Revamp, don’t repeal Alaska USF, urged the telecom industry and Alaska’s attorney general in comments this week in docket R-18-001 at the Regulatory Commission of Alaska. The RCA last month proposed phasing out AUSF by July 31, 2019 (see 1801160014). The Alaska Telephone Association (ATA), Alaska Communications (AC) and the AG office rejected that and pitched alternatives. AUSF surcharges -- 19 percent this year -- “will almost certainly continue to rise,” a lawmaker said. The federal USF contribution factor for Q1 is 19.5 percent.
Idaho Public Utilities Commission staff must file a report by April 4 on the future of state USF, the PUC said in a Friday order in case GNR-T-17-05. Comments on the staff report will be due April 25, it said. The PUC canceled a previously scheduled Feb. 28 USF workshop because staff said it was satisfied after a Jan. 17 workshop (see 1801170030).

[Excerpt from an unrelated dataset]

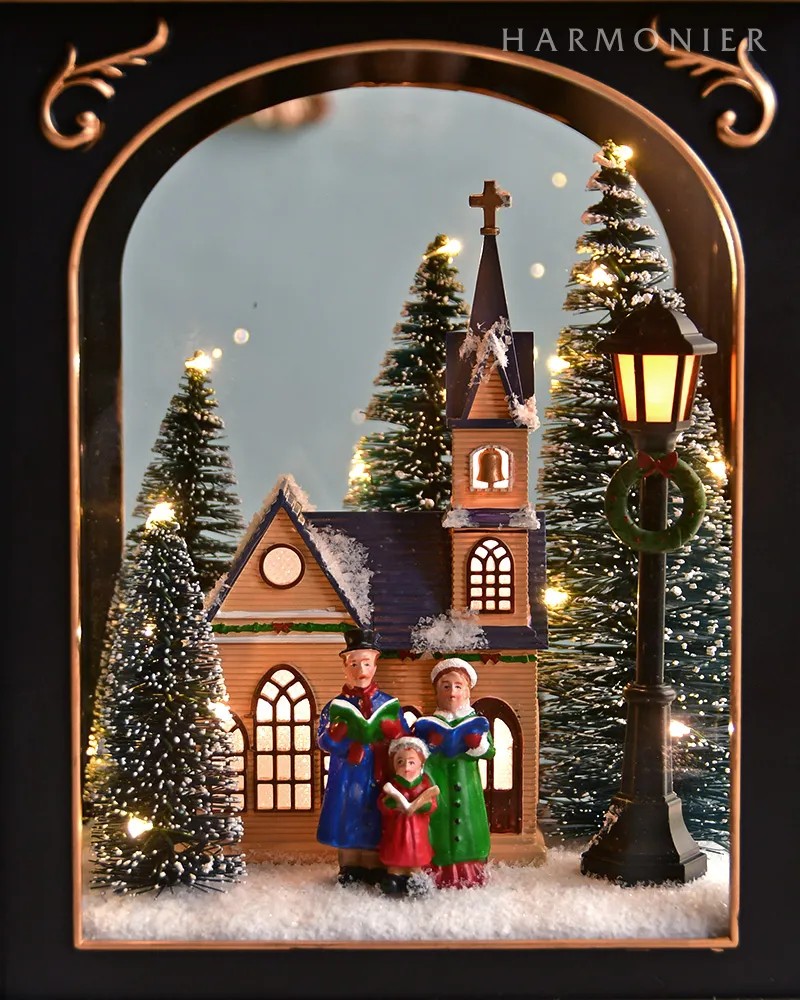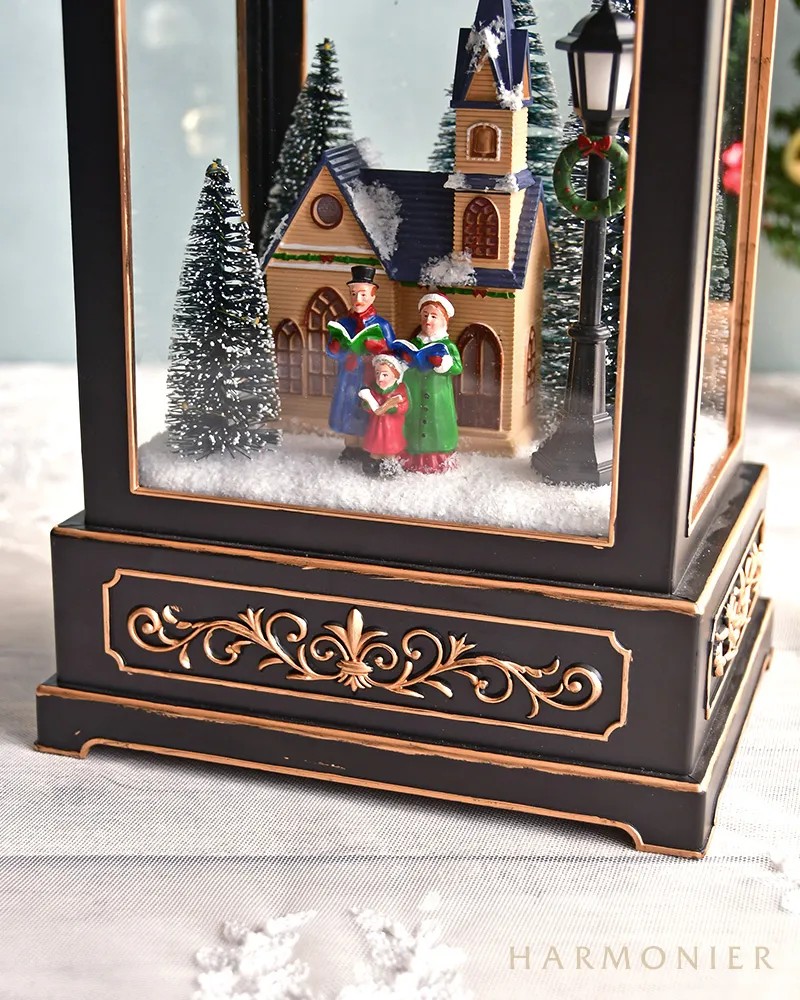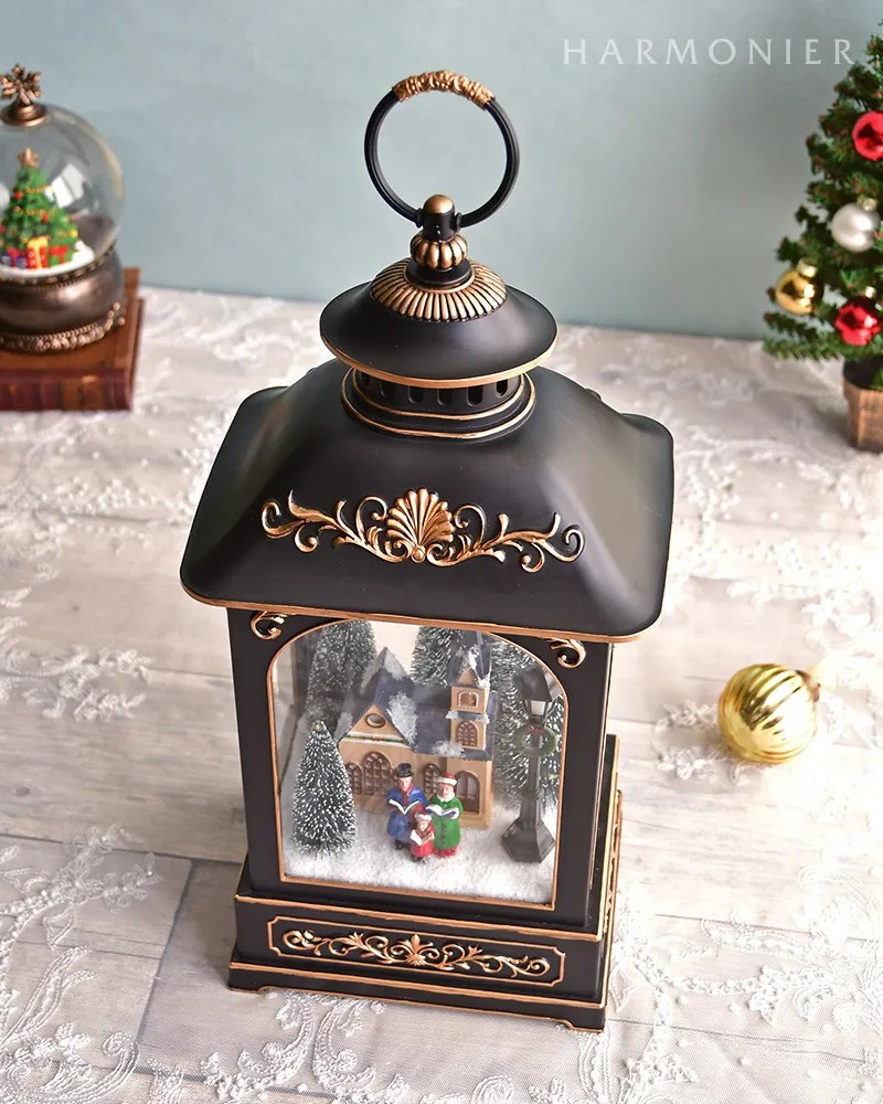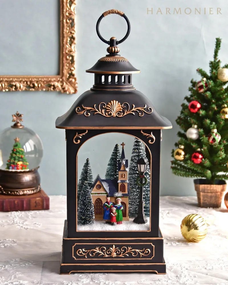 クラシカルな教会が入ったランタンのオブジェ。スイッチを入れるとLEDライトが点灯し、「きよしこの夜」の音楽が流れます。教会の前には賛美歌を歌う家族の姿。クリスマスの厳かで美しいワンシーンを再現したオブジェは、クラシカルなお部屋のクリスマスデコレーションに最適です。場所に合わせて電池かUSB接続で使うことができます。

Rural telcos objected to the possible retroactive impact of some expense limitations apparently being considered by the FCC, or any sweeping disruption of settled cost-recovery principles. "[W]hile an October 2015 Public Notice purported to 'remind' carriers that certain expense items were ineligible for recovery via USF in 2015, then-existing rules that are still in effect today only prohibited recovery of some of the listed items," said an NTCA/WTA filing posted in docket 10-90 Thursday on a meeting with Wireline Bureau officials. "In fact, the rules in effect then and still today expressly permit recovery of several other expense categories listed in the Public Notice (or are ambiguous or internally inconsistent at best)." New limitations should be applied only prospectively, the groups said, noting they back "delineating explicit limitations with respect to the recoverability of specific expense categories" consistent with their prior filings and commissioner statements (see 1801310057). The groups also "objected to any far-ranging, open-ended language in either a new rule or order text that would attempt to recast, restate, or recharacterize decades of settled cost recovery standards and jurisprudence," they said. "[T]he focus should be on promoting clear accountability by providing very direct and plain indication of what expenses are not recoverable through USF and/or rates, rather than rewriting cost recovery policies more broadly in a way that could create, rather than dispel, confusion for small businesses and increase, rather than decrease, complicated compliance risks and burdens."